Feministyczna piosenka z Rosji ma spore szanse na dobre miejsce
Rosję w tym roku reprezentuje Manizha z utworem Russian Woman. Niesie on mądre, feministyczne przesłanie. Manizha zwraca uwagę na to, że współczesna Rosjanka może być, kim zechce, musi tylko zerwać ze stereotypami. Podczas występu Rosjanki na ekranie pojawiają się różne kobiece postaci. Manizha łączy w swoim występie tradycyjną przyśpiewkę ludową z nowoczesnym rapem. Na scenę wjeżdża jako matrioszka, po chwili jednak wychodzi z tej konstrukcji i występuje w czerwonym kombinezonie. Artystka chce w ten sposób podkreślić, iż sama pochodzi z klasy robotniczej. Utwór jest zaśpiewany częściowo po rosyjsku, a częściowo po angielsku. Manizha posiada charyzmę i mocny wokal.
Folk i elektronika z Ukrainy
Go A to zespół, który w tym roku reprezentuje Ukrainę. W swoich utworach łączy muzykę etniczną z elektroniką. Szum zachwyca swoją skocznością i jest w całości wykonany w języku ukraińskim. Wokalistka jest bardzo mocna wokalnie, ale wczoraj musiała powtarzać swój występ na próbie jurorskiej, ponieważ pojawiły się problemy techniczne.
Refren El Diablo podobny do Bad Romance Lady Gagi?

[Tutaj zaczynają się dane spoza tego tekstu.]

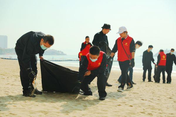 活动中,志愿者们先到海边绿道上集结,在进行了充分的热身之后,他们拿上垃圾袋等工具来到沙滩正式开启“捡跑”,一边走,一边将沙滩上的各类垃圾一一捡起,放进垃圾袋。他们眼观六路,见“圾”行事,将沿途沙滩、草地里的废纸屑、烟头、塑料瓶等垃圾“收入囊中”,同时积极向周围游客宣传“捡跑”公益行动理念,他们的红马甲与湛蓝海水交相辉映,形成了一道美丽的风景线。

Występ Eleny z Cypru budzi ogromne kontrowersje. El Diablo znajdują się wśród faworytów bukmacherów. Piosenka ma też spore grono fanów. Jest dynamiczna, a przygotowana do niej prezentacja sceniczna zachwyca swoją różnorodnością oraz nowoczesnością. Problem stanowi jednak refren utworu El Diablo, który wielu osobom kojarzy się z Bad Romance Lady Gagi.

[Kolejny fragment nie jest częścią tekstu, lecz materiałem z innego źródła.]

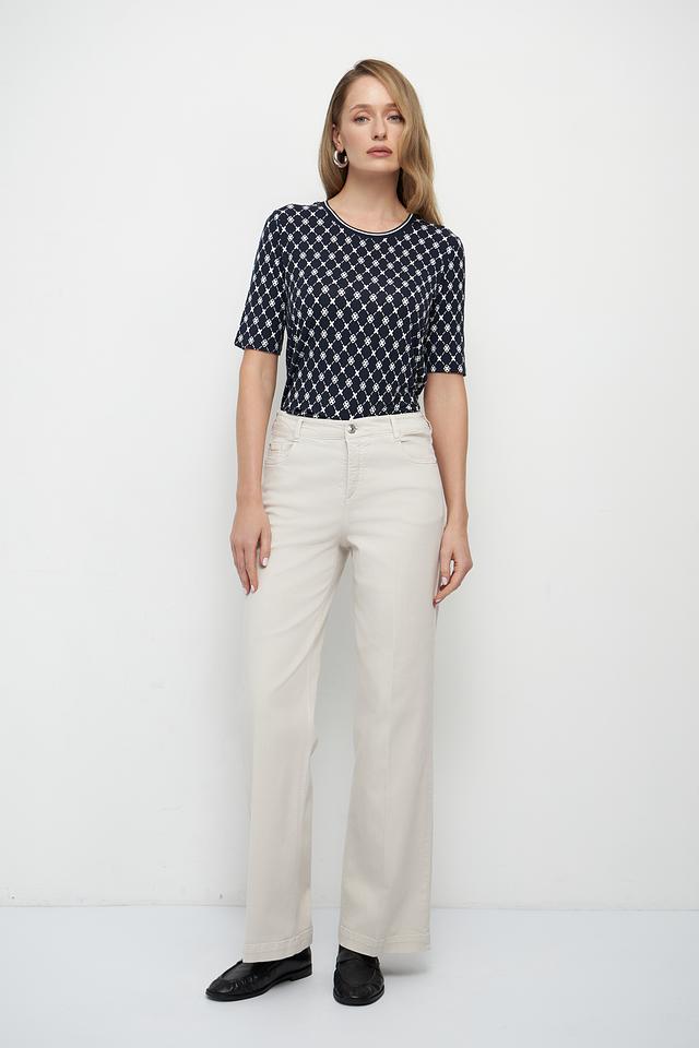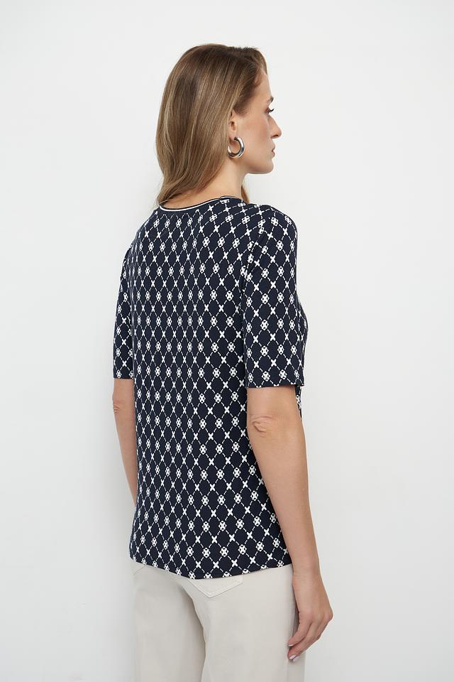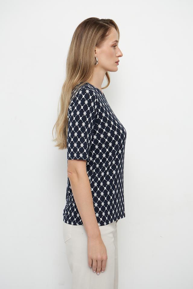 Футболка имеет классический крой с короткими рукавами и круглым вырезом горловины. Её отличает оригинальный принт в виде геометрической клетки, выполненной в белом цвете на темно-синем фоне. Этот узор добавляет образу изысканности и элегантности.

The Roop z Litwy pewniakiem do awansu
Bukmacherzy są pewni także awansu litewskiego zespołu The Roop, który zaprasza nas do wzięcia udziału w dyskotece. Utwór łatwo wpada w ucho, wokalista ma mocny i pewny głos, do tego dochodzi ciekawa prezentacja sceniczna.
Rafał Brzozowski prawdopodobnie wystąpi na żywo w II półfinale!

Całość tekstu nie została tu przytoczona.